* TASK *
Below are entries with pictures among them; reproduce exactly, and only, the lines from the one containing "10 Pack Aluminum" down to the one containing "金秋戶外賞月活動現(xiàn", without the pictures.

* DATASET EXTRACT *

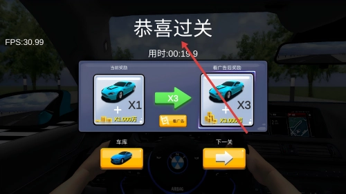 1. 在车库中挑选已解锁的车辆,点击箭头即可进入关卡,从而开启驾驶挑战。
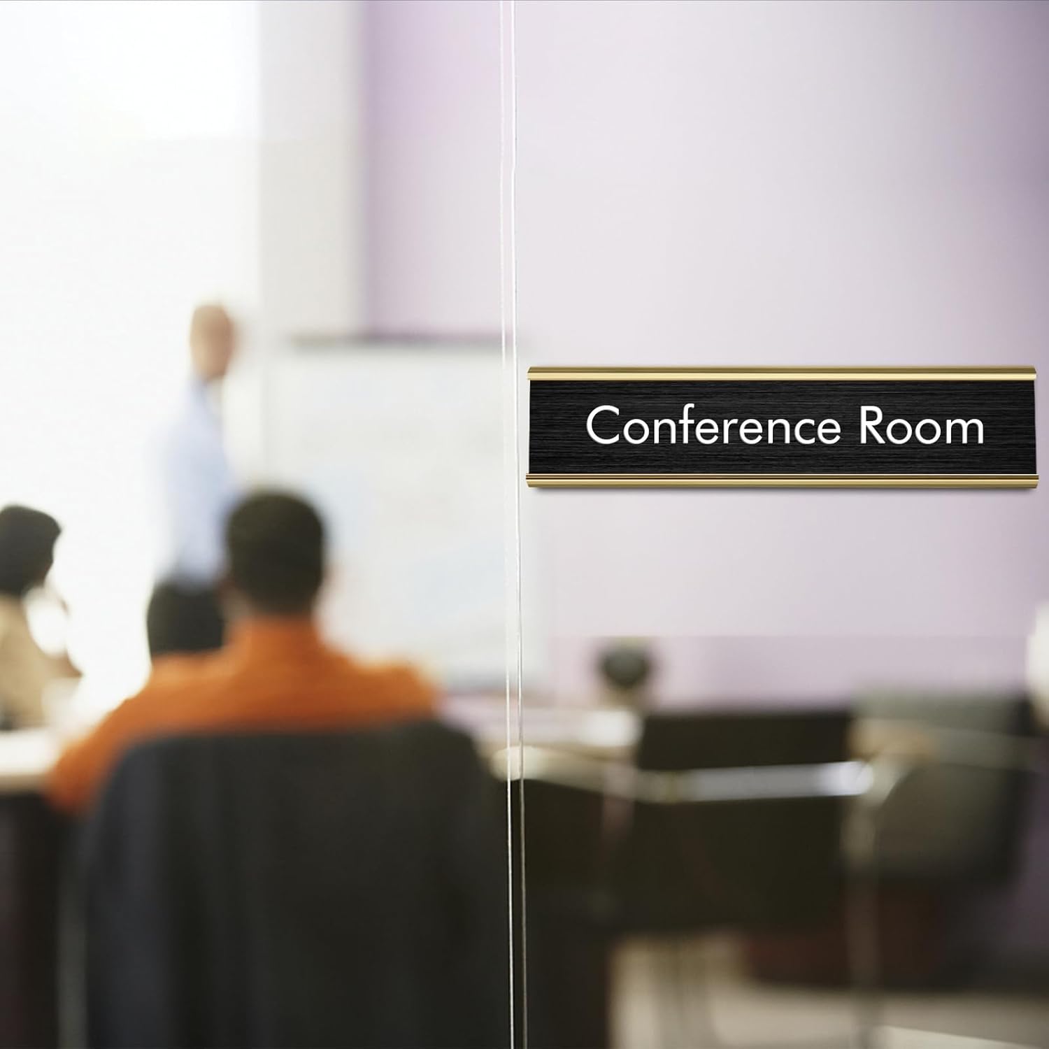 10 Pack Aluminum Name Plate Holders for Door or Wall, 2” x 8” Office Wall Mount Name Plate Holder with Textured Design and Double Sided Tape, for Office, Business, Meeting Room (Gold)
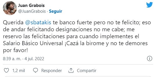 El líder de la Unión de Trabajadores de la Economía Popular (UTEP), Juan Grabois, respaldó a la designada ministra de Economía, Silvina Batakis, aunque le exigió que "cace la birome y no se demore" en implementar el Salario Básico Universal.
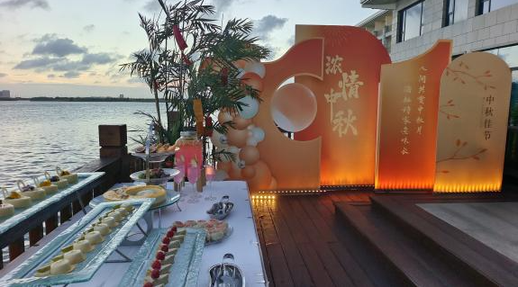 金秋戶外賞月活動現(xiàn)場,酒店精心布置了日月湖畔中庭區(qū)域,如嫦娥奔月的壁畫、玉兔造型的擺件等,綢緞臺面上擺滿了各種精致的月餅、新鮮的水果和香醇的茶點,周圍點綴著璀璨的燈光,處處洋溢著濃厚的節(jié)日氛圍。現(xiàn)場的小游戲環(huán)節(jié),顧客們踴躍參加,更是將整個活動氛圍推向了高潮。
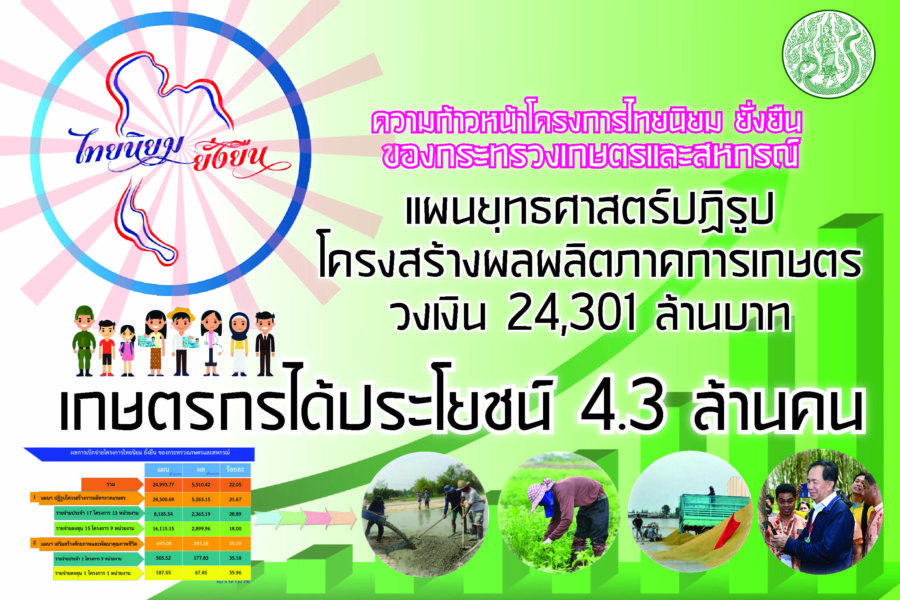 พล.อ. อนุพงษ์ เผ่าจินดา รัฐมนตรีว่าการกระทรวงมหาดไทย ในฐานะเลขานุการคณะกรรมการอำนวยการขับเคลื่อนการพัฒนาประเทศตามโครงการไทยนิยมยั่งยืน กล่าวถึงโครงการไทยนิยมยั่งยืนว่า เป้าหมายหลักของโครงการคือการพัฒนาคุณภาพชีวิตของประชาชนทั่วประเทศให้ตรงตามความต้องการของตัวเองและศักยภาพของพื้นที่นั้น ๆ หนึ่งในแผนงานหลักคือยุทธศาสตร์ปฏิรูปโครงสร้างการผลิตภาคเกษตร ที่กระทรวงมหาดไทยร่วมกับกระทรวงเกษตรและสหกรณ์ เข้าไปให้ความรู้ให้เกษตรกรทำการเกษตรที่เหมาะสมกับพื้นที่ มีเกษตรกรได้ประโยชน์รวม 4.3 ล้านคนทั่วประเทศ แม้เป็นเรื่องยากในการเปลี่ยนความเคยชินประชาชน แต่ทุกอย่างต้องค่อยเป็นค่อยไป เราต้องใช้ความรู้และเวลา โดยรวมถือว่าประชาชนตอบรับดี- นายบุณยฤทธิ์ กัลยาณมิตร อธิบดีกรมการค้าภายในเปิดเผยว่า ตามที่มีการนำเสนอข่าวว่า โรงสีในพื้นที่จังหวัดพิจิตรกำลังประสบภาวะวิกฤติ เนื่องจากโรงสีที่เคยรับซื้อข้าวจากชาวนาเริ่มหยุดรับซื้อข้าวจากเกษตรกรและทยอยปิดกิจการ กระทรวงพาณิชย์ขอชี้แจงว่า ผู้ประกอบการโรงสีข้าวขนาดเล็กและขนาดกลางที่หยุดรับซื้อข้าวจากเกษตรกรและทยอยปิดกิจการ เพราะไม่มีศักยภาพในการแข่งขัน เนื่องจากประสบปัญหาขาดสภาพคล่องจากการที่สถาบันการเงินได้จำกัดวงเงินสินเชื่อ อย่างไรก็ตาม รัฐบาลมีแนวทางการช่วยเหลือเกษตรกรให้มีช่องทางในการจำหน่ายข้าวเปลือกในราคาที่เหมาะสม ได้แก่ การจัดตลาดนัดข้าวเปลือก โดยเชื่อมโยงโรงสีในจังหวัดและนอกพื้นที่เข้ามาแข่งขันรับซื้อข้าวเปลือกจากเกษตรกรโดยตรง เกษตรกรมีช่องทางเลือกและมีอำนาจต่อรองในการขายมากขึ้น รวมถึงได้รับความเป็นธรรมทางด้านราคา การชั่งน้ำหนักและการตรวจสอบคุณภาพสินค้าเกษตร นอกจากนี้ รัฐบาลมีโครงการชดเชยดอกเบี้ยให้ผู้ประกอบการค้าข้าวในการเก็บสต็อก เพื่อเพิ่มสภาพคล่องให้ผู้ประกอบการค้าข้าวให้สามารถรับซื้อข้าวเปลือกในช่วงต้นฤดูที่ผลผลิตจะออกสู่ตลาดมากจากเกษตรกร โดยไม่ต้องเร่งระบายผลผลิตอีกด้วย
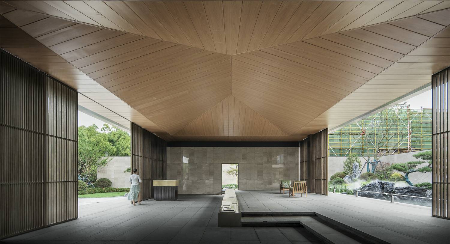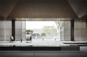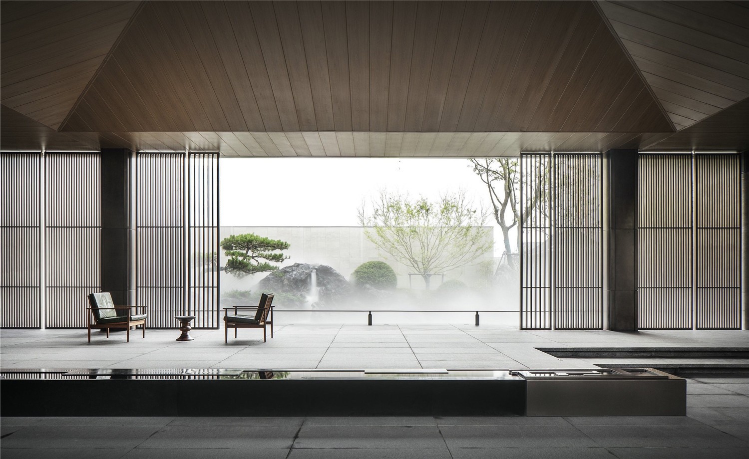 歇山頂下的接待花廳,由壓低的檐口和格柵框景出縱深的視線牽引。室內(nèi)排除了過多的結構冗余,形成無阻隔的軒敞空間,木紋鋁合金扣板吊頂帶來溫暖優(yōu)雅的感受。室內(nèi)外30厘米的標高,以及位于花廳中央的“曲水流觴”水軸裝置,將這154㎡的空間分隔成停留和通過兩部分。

* YOUR SOLUTION *
 10 Pack Aluminum Name Plate Holders for Door or Wall, 2” x 8” Office Wall Mount Name Plate Holder with Textured Design and Double Sided Tape, for Office, Business, Meeting Room (Gold)
 El líder de la Unión de Trabajadores de la Economía Popular (UTEP), Juan Grabois, respaldó a la designada ministra de Economía, Silvina Batakis, aunque le exigió que "cace la birome y no se demore" en implementar el Salario Básico Universal.
 金秋戶外賞月活動現(xiàn)場,酒店精心布置了日月湖畔中庭區(qū)域,如嫦娥奔月的壁畫、玉兔造型的擺件等,綢緞臺面上擺滿了各種精致的月餅、新鮮的水果和香醇的茶點,周圍點綴著璀璨的燈光,處處洋溢著濃厚的節(jié)日氛圍。現(xiàn)場的小游戲環(huán)節(jié),顧客們踴躍參加,更是將整個活動氛圍推向了高潮。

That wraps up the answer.